INSTRUCTIONS FOR THE TASK: Write out each line of the material exactly as given, and drop the images.
-------- EXERCISE MATERIALS --------
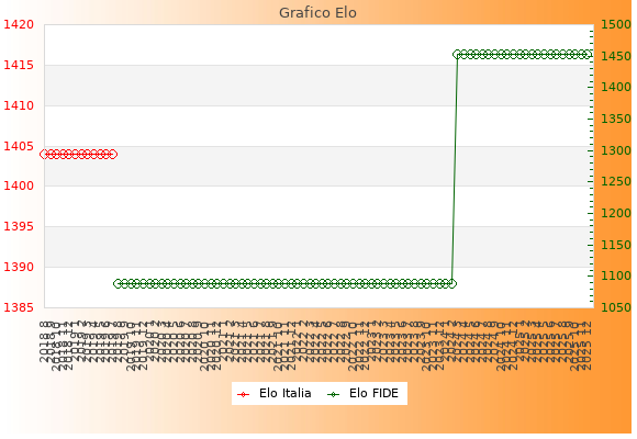 Elo FIDE: 1453    Migliore: 1453  (Dicembre 2025)    Peggiore: 1089  (Agosto 2019)
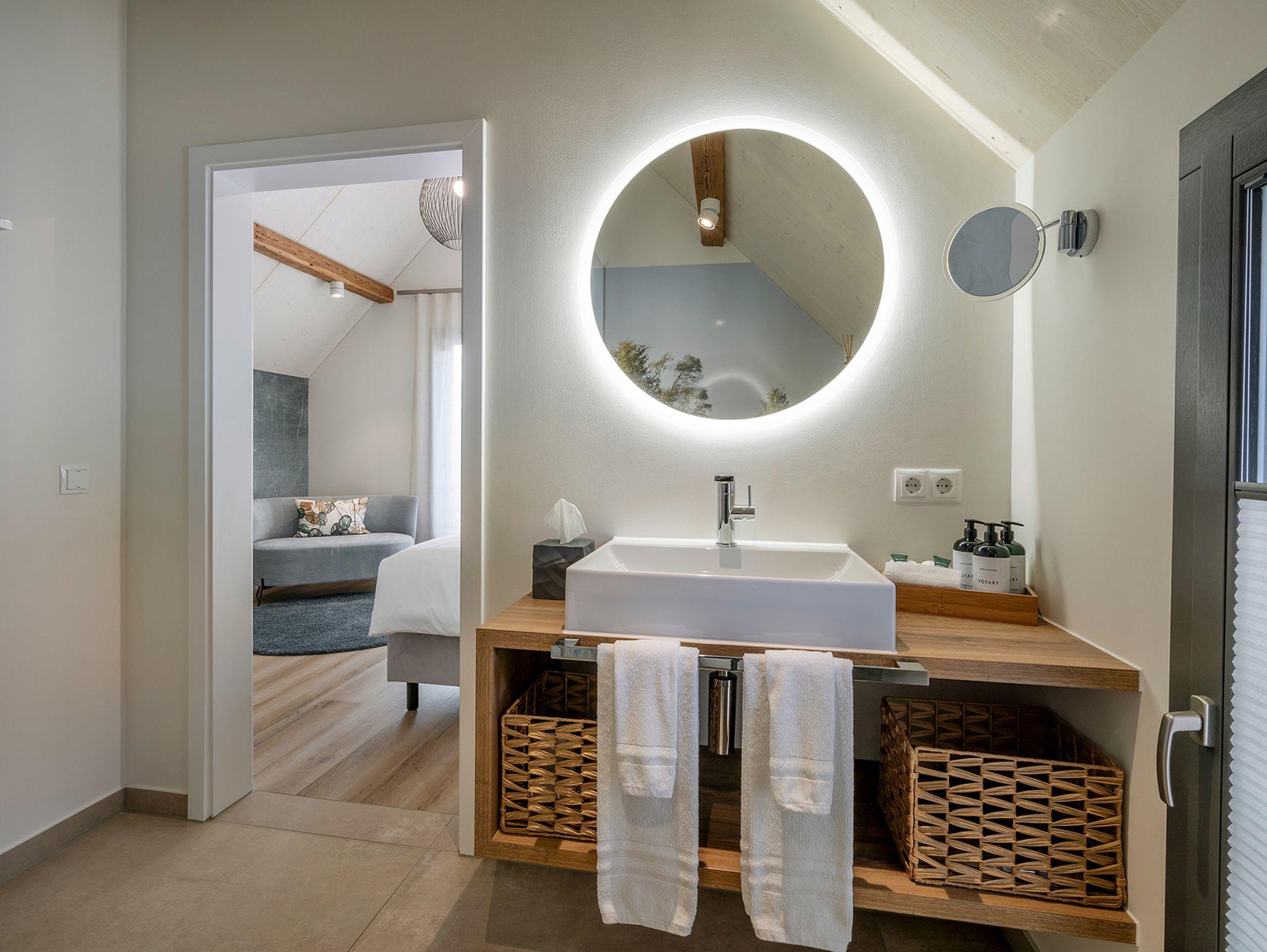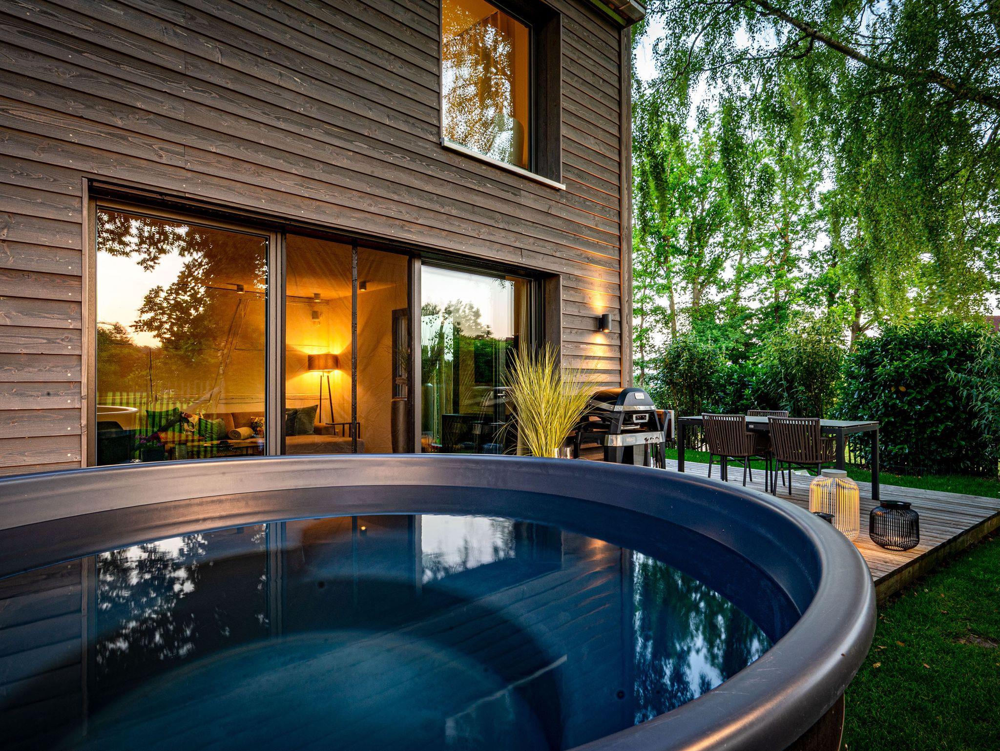 Mit Swimming-Pool, eigener Sauna, eigenem Badezuber (auch Hottub genannt – eine rustikale Form von Whirlpool), Kamin, viel Raum und Privatsphäre verfügen Sie über ein Hide-Away mit extra Wohlfühlambiente in einem modernen, nachhaltigen Holzbau.
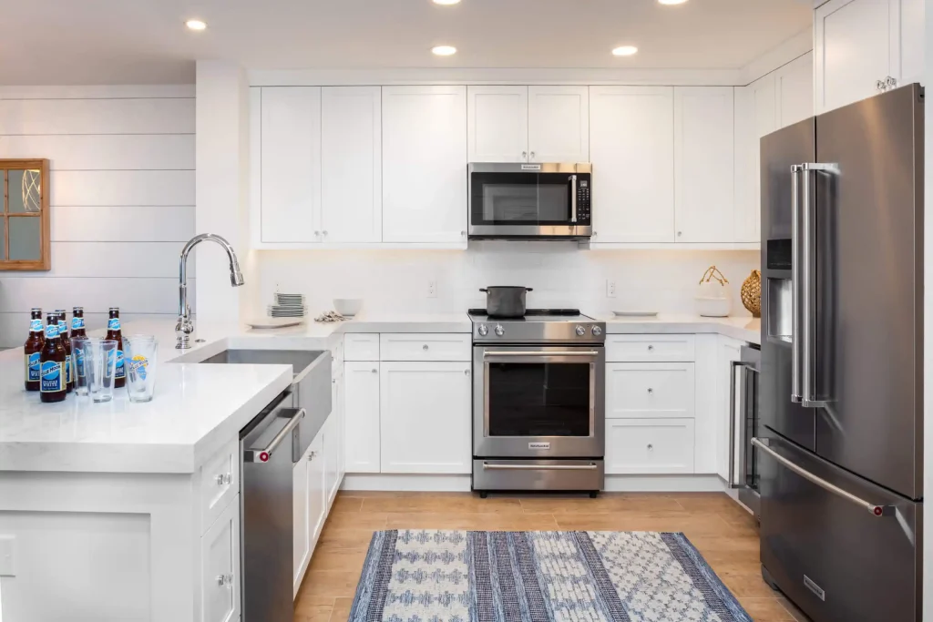 Flooring options like light-colored hardwood, polished concrete, or large-format porcelain tiles work well in a white kitchen. These materials provide a sleek, uniform appearance that complements the minimalist aesthetic. Ensure the flooring is durable and easy to clean to maintain the kitchen’s pristine look.
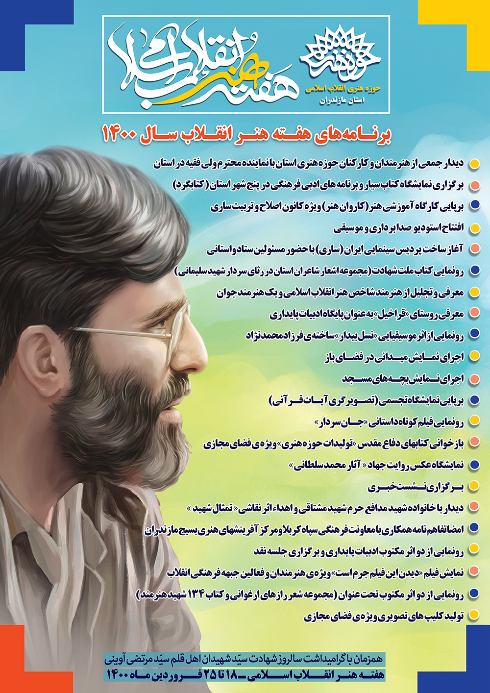 به گزارش روابط عمومی حوزه هنری مازندران « مهدی معصومی گرجی » از اجرای بیش از 20 عنوان برنامه درهفته هنر انقلاب خبر داد.
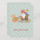 Jolie scène de vacances avec Père Noël, son traîneau et deux rennes. Personnalisez cette carte de Noël à votre goût.
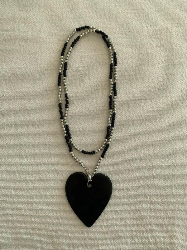Collar hecho a mano con mostacillas negras y bolitas de metal plateadas, de 88 cm y dije desmontable de corazón de resina negro, para usar simple y largo, doble regulable, con o sin dije.
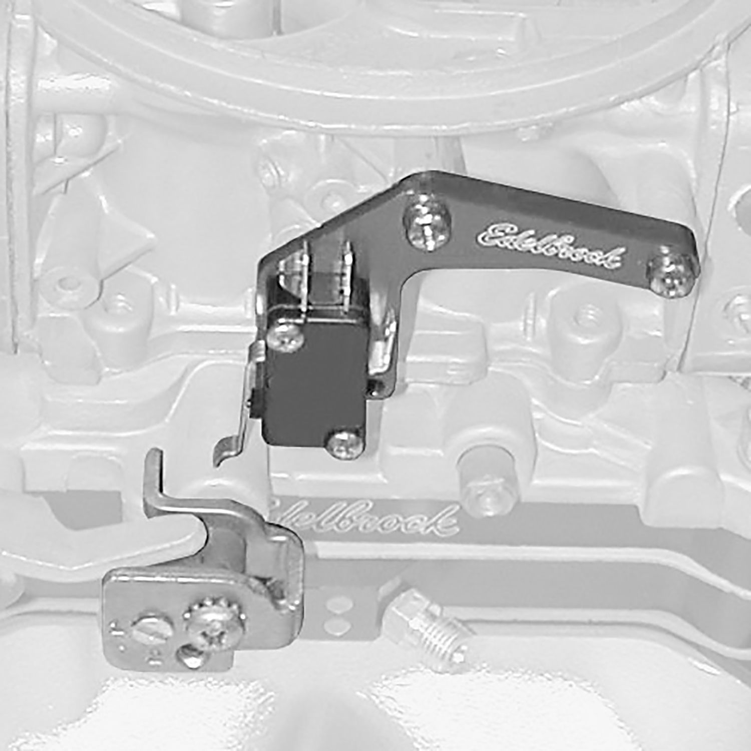 Edelbrock Nitrous Microswitch and Universal Bracket Kit #72282 is for use with Holley standard-flange carburetors without a choke (will not fit H.P. series). Kit includes a snap-action microswitch, mounting hardware and bracket.
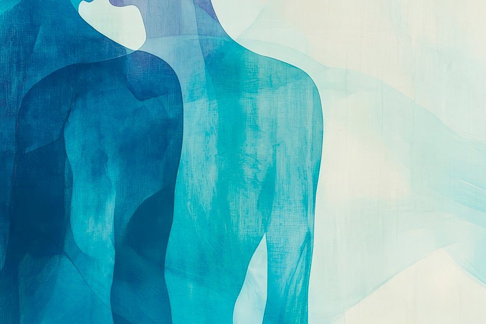 Zarte Silhouetten verschmelzen harmonisch in sanften Blau- und Lilatönen, als ob sie in einer emotionalen Umarmung gefangen sind. Diese fließenden Formen erzeugen eine beruhigende Atmosphäre und laden ein, Nähe und Geborgenheit zu spüren. Perfekt für das Schlafzimmer, wo Intimität und Stil Hand in Hand gehen.
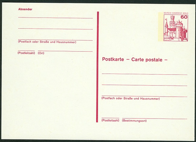 Eine ungebrauchte P 110, mit dem 60 Pfennig - Wertstempel-Motiv "Marksburg". Jedoch in magenta gedruckt.
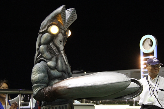 怪獣酒場グッズの詰め合わせを贈るバルタン店長
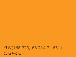 YUV 168.323,-66.714,71.631 Color is a normal orange color and the nearest color is Tree Poppy #fc9c1d. Hex code #fa9921 and RGB value is rgb(250,153,33). In RGB color space, this color is composed of 98% red, 60% green, 13% blue, In CMYK color space, this color is composed of 0% cyan, 39% magenta, 87% yellow , 2% black , In HSL color space, this color has a hue angle of 33° , 96% saturation and 55% lightness.
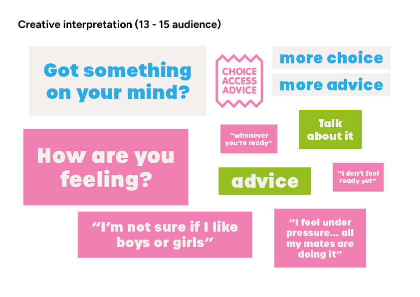 I first prepared mood boards and used a three-colour palette recognising the broader Derbyshire Sexual Health Matters brand identity.
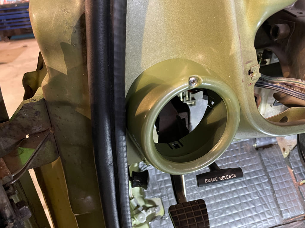 Gauges: I’ve been a dealer for Classic Instruments for several years and for this one they were a natural choice. Combines with a new gauge bezel from Auto Metal Direct (AMD), the cluster couldn’t look better. The added benefits of full gauges and electronics are even better. The speedometer calibrated right the first time and is perfectly accurate. I mounted the buttons in the column plate below the column after slicking it up and painting it.
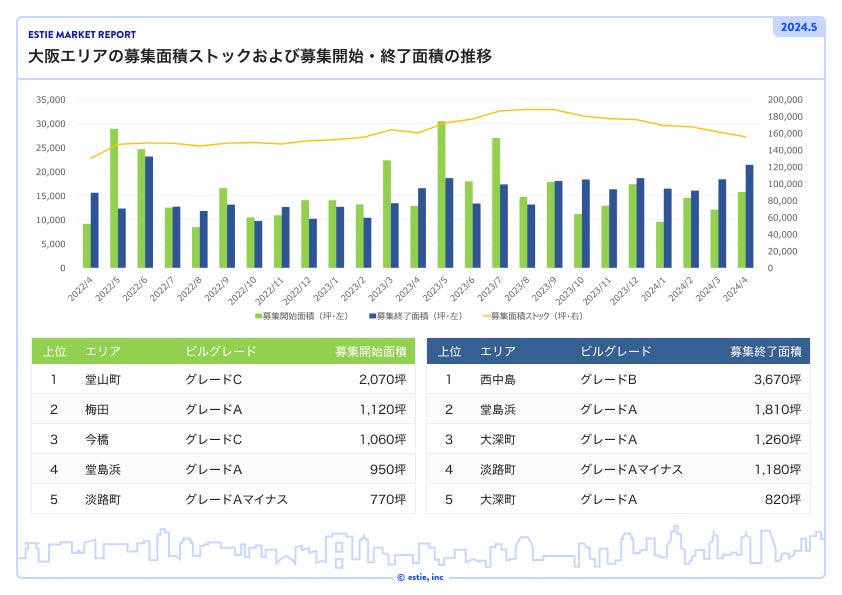 大阪エリアでは、募集開始面積が前月比約30.6%増の15,785坪、募集終了面積が前月比約16.3%増の21,413坪、募集面積ストックは前月比約3.5%減の約155,633坪となり、新規供給が前年・前月比ともに増加していますが、それ以上に大規模区画が複数あった影響も大きく、募集終了面積が増加しているため、募集面積ストックが減少しています。
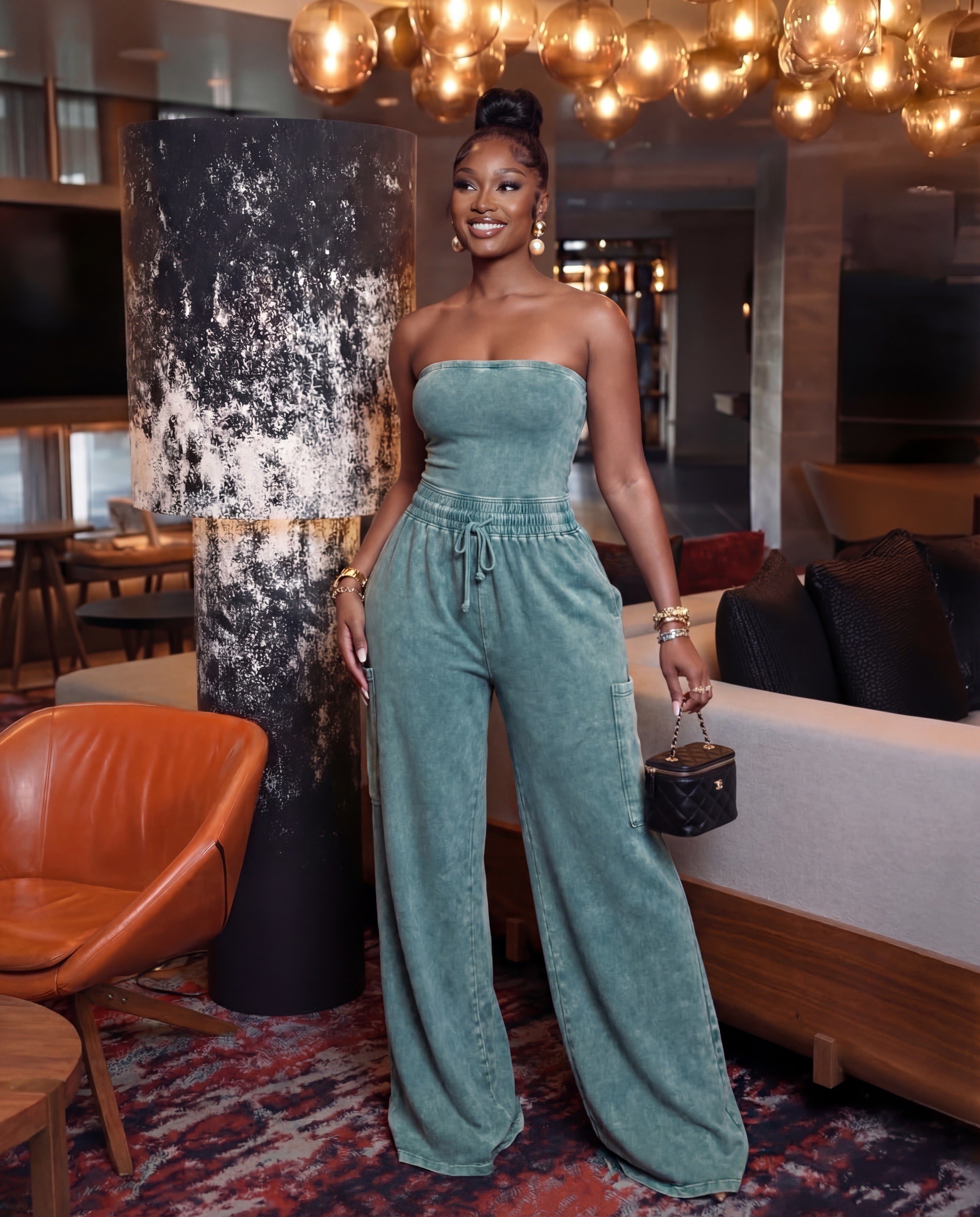 This strapless wide-leg jumpsuit features a mineral washed finish on soft cotton span for comfort and style. Designed with a drawstring elasticated waist and large patch pockets to enhance functionality. Elevate your look by pairing it with a statement belt and platform sandals for an effortlessly chic outfit. 95% Cotton 5% Spandex Model is Wearing A Size Small Imported. Designed In The USA
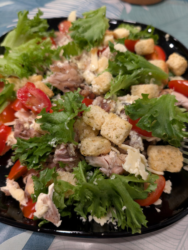 Добрый вечер. На завтрак творог и кофе,на обед готовила салат Цезарь ,на ужин будет вареная куриная грудка с овощами. Сегодня прошла 18 км. Всем хорошей пятницы
--------
EXERCISE RESPONSE:
 Elo FIDE: 1453    Migliore: 1453  (Dicembre 2025)    Peggiore: 1089  (Agosto 2019)
 Mit Swimming-Pool, eigener Sauna, eigenem Badezuber (auch Hottub genannt – eine rustikale Form von Whirlpool), Kamin, viel Raum und Privatsphäre verfügen Sie über ein Hide-Away mit extra Wohlfühlambiente in einem modernen, nachhaltigen Holzbau.
 Flooring options like light-colored hardwood, polished concrete, or large-format porcelain tiles work well in a white kitchen. These materials provide a sleek, uniform appearance that complements the minimalist aesthetic. Ensure the flooring is durable and easy to clean to maintain the kitchen’s pristine look.
 به گزارش روابط عمومی حوزه هنری مازندران « مهدی معصومی گرجی » از اجرای بیش از 20 عنوان برنامه درهفته هنر انقلاب خبر داد.
 Jolie scène de vacances avec Père Noël, son traîneau et deux rennes. Personnalisez cette carte de Noël à votre goût.
Collar hecho a mano con mostacillas negras y bolitas de metal plateadas, de 88 cm y dije desmontable de corazón de resina negro, para usar simple y largo, doble regulable, con o sin dije.
 Edelbrock Nitrous Microswitch and Universal Bracket Kit #72282 is for use with Holley standard-flange carburetors without a choke (will not fit H.P. series). Kit includes a snap-action microswitch, mounting hardware and bracket.
 Zarte Silhouetten verschmelzen harmonisch in sanften Blau- und Lilatönen, als ob sie in einer emotionalen Umarmung gefangen sind. Diese fließenden Formen erzeugen eine beruhigende Atmosphäre und laden ein, Nähe und Geborgenheit zu spüren. Perfekt für das Schlafzimmer, wo Intimität und Stil Hand in Hand gehen.
 Eine ungebrauchte P 110, mit dem 60 Pfennig - Wertstempel-Motiv "Marksburg". Jedoch in magenta gedruckt.
 怪獣酒場グッズの詰め合わせを贈るバルタン店長
 YUV 168.323,-66.714,71.631 Color is a normal orange color and the nearest color is Tree Poppy #fc9c1d. Hex code #fa9921 and RGB value is rgb(250,153,33). In RGB color space, this color is composed of 98% red, 60% green, 13% blue, In CMYK color space, this color is composed of 0% cyan, 39% magenta, 87% yellow , 2% black , In HSL color space, this color has a hue angle of 33° , 96% saturation and 55% lightness.
 I first prepared mood boards and used a three-colour palette recognising the broader Derbyshire Sexual Health Matters brand identity.
 Gauges: I’ve been a dealer for Classic Instruments for several years and for this one they were a natural choice. Combines with a new gauge bezel from Auto Metal Direct (AMD), the cluster couldn’t look better. The added benefits of full gauges and electronics are even better. The speedometer calibrated right the first time and is perfectly accurate. I mounted the buttons in the column plate below the column after slicking it up and painting it.
 大阪エリアでは、募集開始面積が前月比約30.6%増の15,785坪、募集終了面積が前月比約16.3%増の21,413坪、募集面積ストックは前月比約3.5%減の約155,633坪となり、新規供給が前年・前月比ともに増加していますが、それ以上に大規模区画が複数あった影響も大きく、募集終了面積が増加しているため、募集面積ストックが減少しています。
 This strapless wide-leg jumpsuit features a mineral washed finish on soft cotton span for comfort and style. Designed with a drawstring elasticated waist and large patch pockets to enhance functionality. Elevate your look by pairing it with a statement belt and platform sandals for an effortlessly chic outfit. 95% Cotton 5% Spandex Model is Wearing A Size Small Imported. Designed In The USA
 Добрый вечер. На завтрак творог и кофе,на обед готовила салат Цезарь ,на ужин будет вареная куриная грудка с овощами. Сегодня прошла 18 км. Всем хорошей пятницы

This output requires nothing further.